Only the lines from the beginning of the data through the line holding "フロリダ州タンパにおけるコロ" belong in the answer, printed exactly and without pictures.
(Records for this task Opens)
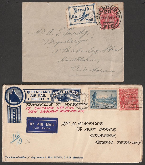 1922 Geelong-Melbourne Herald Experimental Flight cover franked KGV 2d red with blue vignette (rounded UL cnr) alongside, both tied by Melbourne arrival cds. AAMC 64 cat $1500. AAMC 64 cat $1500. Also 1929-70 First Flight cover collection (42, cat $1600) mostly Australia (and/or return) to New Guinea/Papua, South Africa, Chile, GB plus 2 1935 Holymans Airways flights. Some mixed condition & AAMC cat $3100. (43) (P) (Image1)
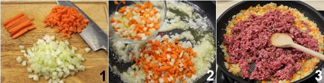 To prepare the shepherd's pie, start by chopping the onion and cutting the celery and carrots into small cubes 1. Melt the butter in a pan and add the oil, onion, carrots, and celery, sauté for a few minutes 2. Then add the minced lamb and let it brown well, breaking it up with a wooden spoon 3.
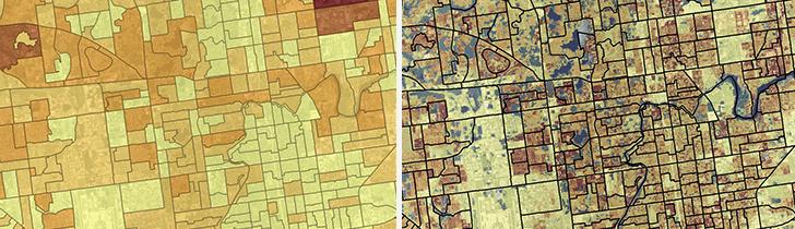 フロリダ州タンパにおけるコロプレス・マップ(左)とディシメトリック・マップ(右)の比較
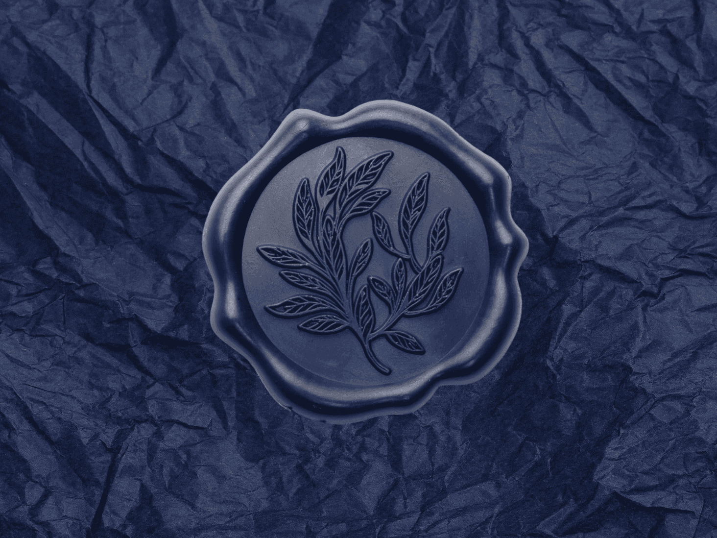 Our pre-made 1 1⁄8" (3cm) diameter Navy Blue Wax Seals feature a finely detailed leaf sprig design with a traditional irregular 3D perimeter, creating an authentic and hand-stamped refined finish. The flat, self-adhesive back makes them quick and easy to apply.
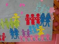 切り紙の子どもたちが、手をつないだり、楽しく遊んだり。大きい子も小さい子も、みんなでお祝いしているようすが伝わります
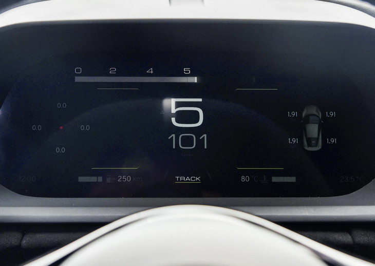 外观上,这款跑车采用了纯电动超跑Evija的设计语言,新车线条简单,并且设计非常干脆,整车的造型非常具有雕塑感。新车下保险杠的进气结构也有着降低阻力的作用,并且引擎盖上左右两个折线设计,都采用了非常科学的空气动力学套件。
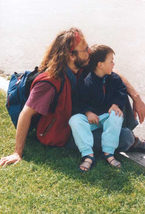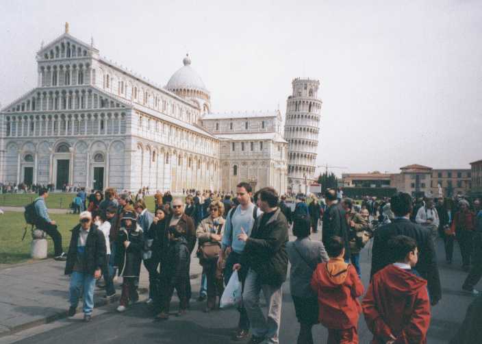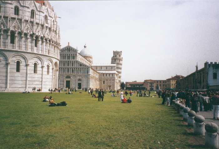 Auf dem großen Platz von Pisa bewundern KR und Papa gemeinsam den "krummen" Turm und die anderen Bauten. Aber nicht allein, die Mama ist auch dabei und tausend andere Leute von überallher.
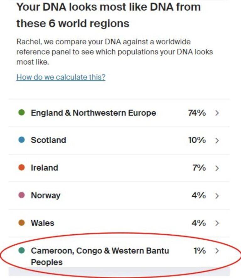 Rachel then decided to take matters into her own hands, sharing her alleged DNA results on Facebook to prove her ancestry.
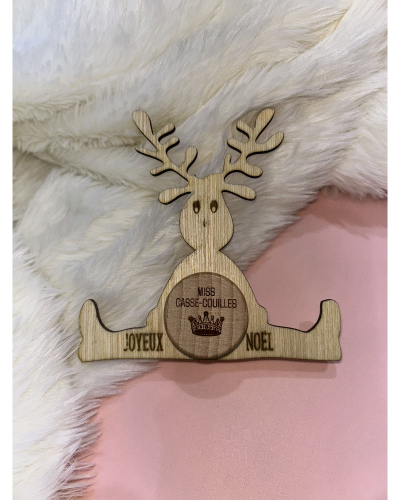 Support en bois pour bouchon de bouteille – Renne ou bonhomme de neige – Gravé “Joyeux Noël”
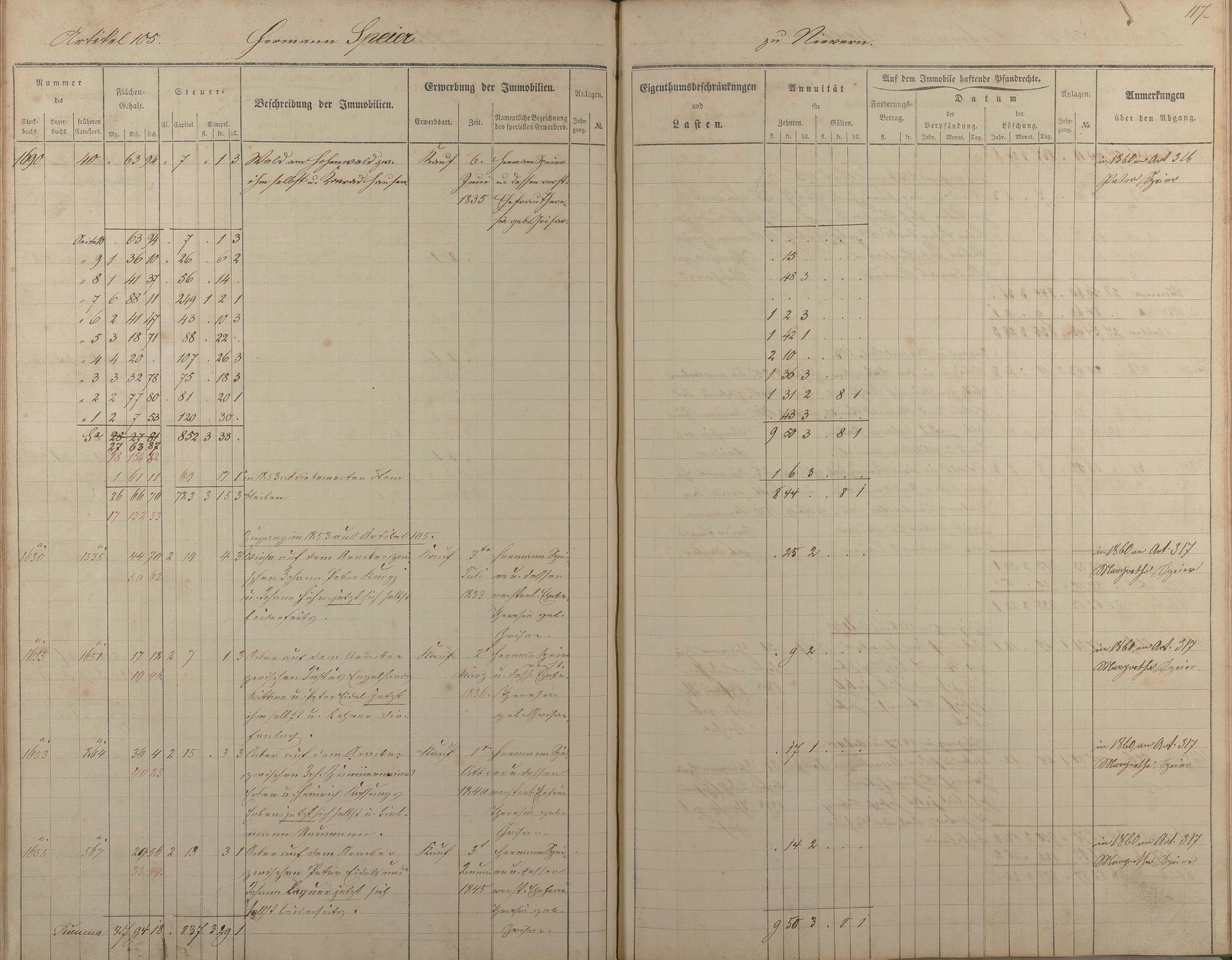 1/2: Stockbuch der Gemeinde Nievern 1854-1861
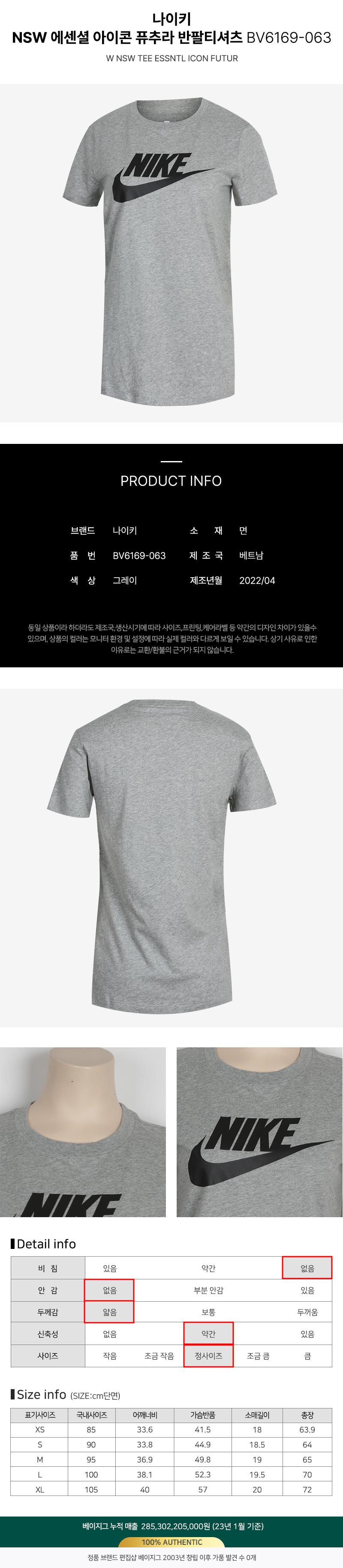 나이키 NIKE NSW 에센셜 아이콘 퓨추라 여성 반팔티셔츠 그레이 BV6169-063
(Records for this task Closes)
> **Finished exercise**:
 1922 Geelong-Melbourne Herald Experimental Flight cover franked KGV 2d red with blue vignette (rounded UL cnr) alongside, both tied by Melbourne arrival cds. AAMC 64 cat $1500. AAMC 64 cat $1500. Also 1929-70 First Flight cover collection (42, cat $1600) mostly Australia (and/or return) to New Guinea/Papua, South Africa, Chile, GB plus 2 1935 Holymans Airways flights. Some mixed condition & AAMC cat $3100. (43) (P) (Image1)
 To prepare the shepherd's pie, start by chopping the onion and cutting the celery and carrots into small cubes 1. Melt the butter in a pan and add the oil, onion, carrots, and celery, sauté for a few minutes 2. Then add the minced lamb and let it brown well, breaking it up with a wooden spoon 3.
 フロリダ州タンパにおけるコロプレス・マップ(左)とディシメトリック・マップ(右)の比較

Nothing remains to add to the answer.